What to do: From the entries below, transcribe exactly the lines between the line holding "These Miss Me" and the line holding "Long Sleeved Midi Dress in Black", inclusive; skip all other lines.

Input records:
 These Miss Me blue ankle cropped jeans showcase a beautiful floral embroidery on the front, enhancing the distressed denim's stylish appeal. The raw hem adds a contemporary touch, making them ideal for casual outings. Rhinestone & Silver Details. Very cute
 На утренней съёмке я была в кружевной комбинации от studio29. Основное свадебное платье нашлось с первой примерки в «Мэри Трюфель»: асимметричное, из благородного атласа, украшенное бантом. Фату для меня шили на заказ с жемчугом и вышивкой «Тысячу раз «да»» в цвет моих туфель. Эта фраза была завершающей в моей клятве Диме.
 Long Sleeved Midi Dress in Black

---

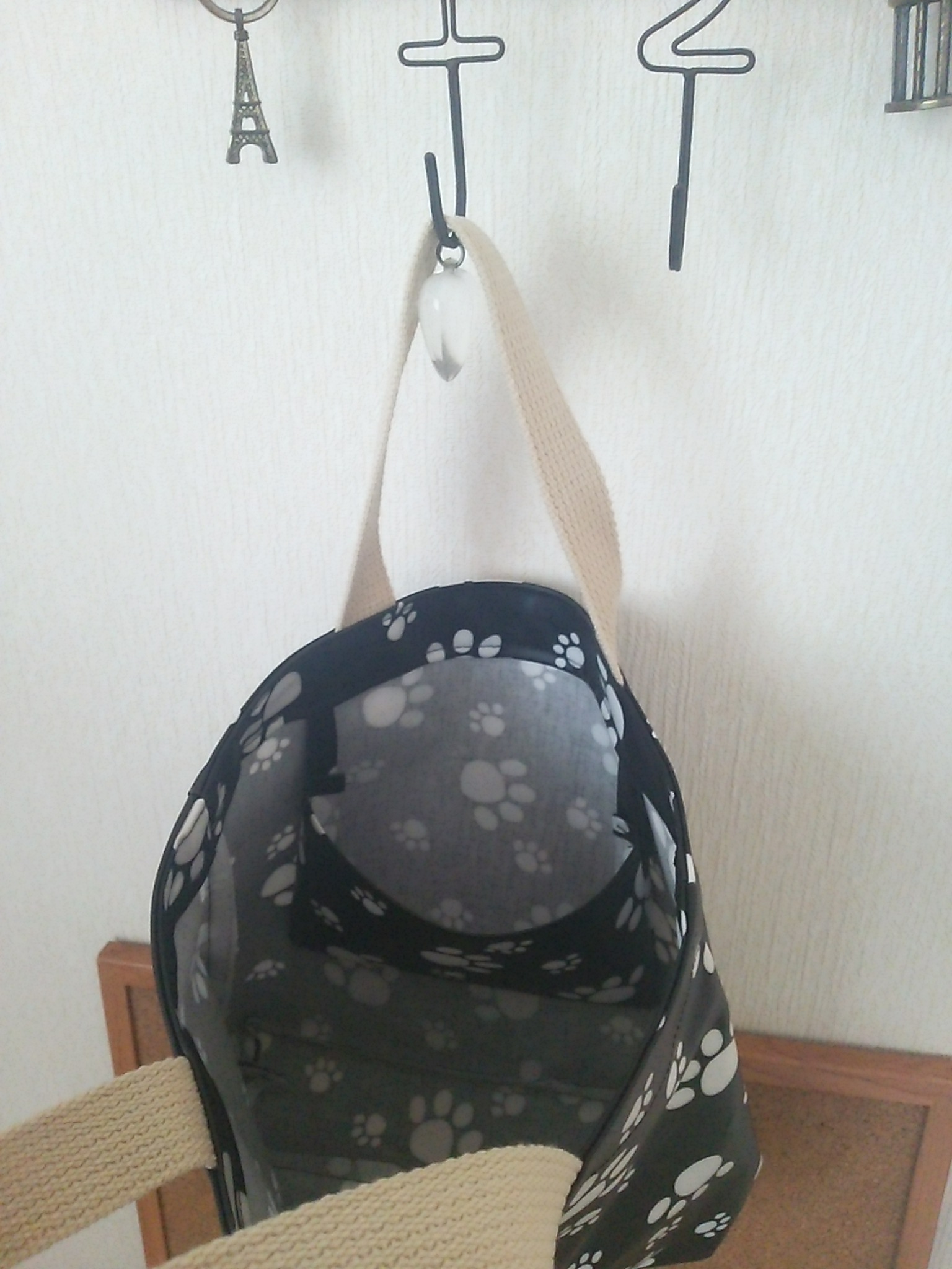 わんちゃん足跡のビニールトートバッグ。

Answer box:
 These Miss Me blue ankle cropped jeans showcase a beautiful floral embroidery on the front, enhancing the distressed denim's stylish appeal. The raw hem adds a contemporary touch, making them ideal for casual outings. Rhinestone & Silver Details. Very cute
 На утренней съёмке я была в кружевной комбинации от studio29. Основное свадебное платье нашлось с первой примерки в «Мэри Трюфель»: асимметричное, из благородного атласа, украшенное бантом. Фату для меня шили на заказ с жемчугом и вышивкой «Тысячу раз «да»» в цвет моих туфель. Эта фраза была завершающей в моей клятве Диме.
 Long Sleeved Midi Dress in Black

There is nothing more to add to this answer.